No one is always doing any one thing. Step back and say what is bothering you in the moment, specifically, to work through this particular situation. Emphasize your frustration by telling the person exactly what they have done and how it hurt you—rather than by exaggerating the action itself.
Don’t Call Anyone Out of Their Names
Calling someone anything other than their name in an argument is unacceptable. Frustration gets the best of all of us, but it is our job and responsibility to not call people we love a name unbecoming to them.
Obvious things like the b-word or something of that nature should never be uttered, but using words like slacker, loser, deadbeat or failure are just as hurtful. We have to remember at the end of the day, we want to work through our problems together and name-calling is counterproductive to conflict resolution.

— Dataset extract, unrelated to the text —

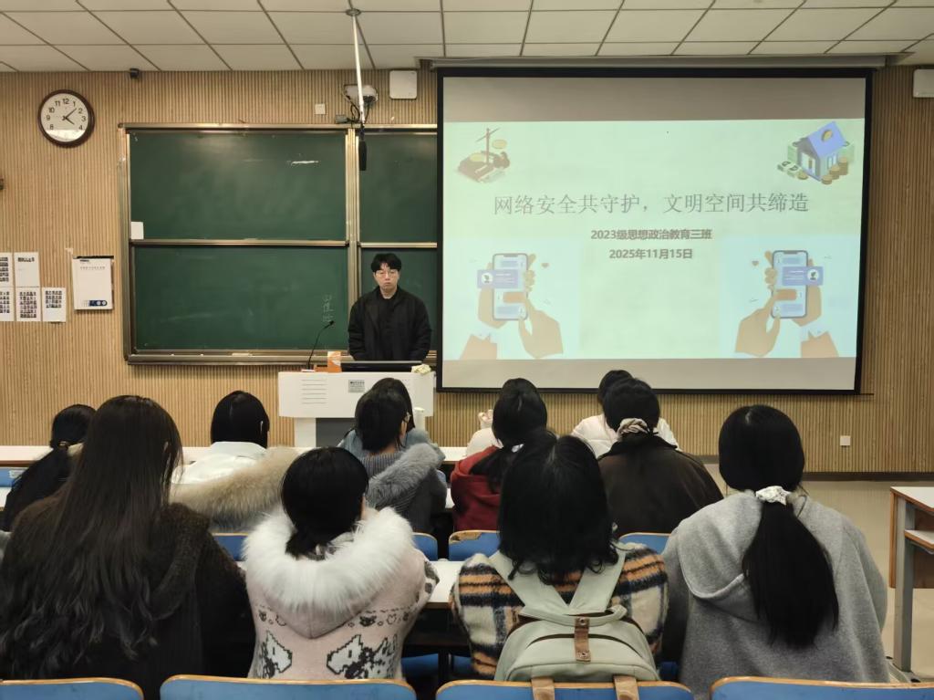 为宣传网络安全知识,避免不法言论对青年学子的误导,11月15日上午,beat365亚洲版官网2023级思想政治教育三班在社科楼515教室召开“网络安全共守护,文明空间共缔造”主题团课。beat365官网2023级思想政治教育三班全体成员共同参加此次团课,团课由团支书郝瀚主持。

You hurt your spouse, you tear down their self-esteem and you can make them feel worse than they deserve to feel from someone who says they love them and should be lifting them up. Name calling of any sort is not okay in an argument.
Don’t Patronize or Mock Your Mate
I’m sure you have heard someone say “don’t patronize me.” Move this up to the tenth power in an argument. The quickest way to get someone to tune you out is to patronize.
“Let me explain this in a way you can understand,”
“I used to think that way when I was young,”
or “That’s what I would expect a woman to say.”
These ways of categorizing what you think of what someone is trying to share with you instead of valuing the opinion of the person who is talking to you is an example of someone who doesn’t want to work together to resolve a situation.
When we patronize during an argument, we’re effectively communicating we don’t value what the other person is saying. Instead of patronizing, listen, internalize and effectively respond to what the other person says.
Patronizing your spouse or significant other speaks to both the lack of interest in the argument and how little you care about their opinion. There’s no place for patronizing in disagreements with people we love and respect.
Arguments can be healthy opportunities to grow. Take the time to respect the other person, even when you are frustrated, but still accept the responsibility to fight fair and respect each other during and after the argument is over. The mutual respect makes it easier to make up with your spouse—which is the best part!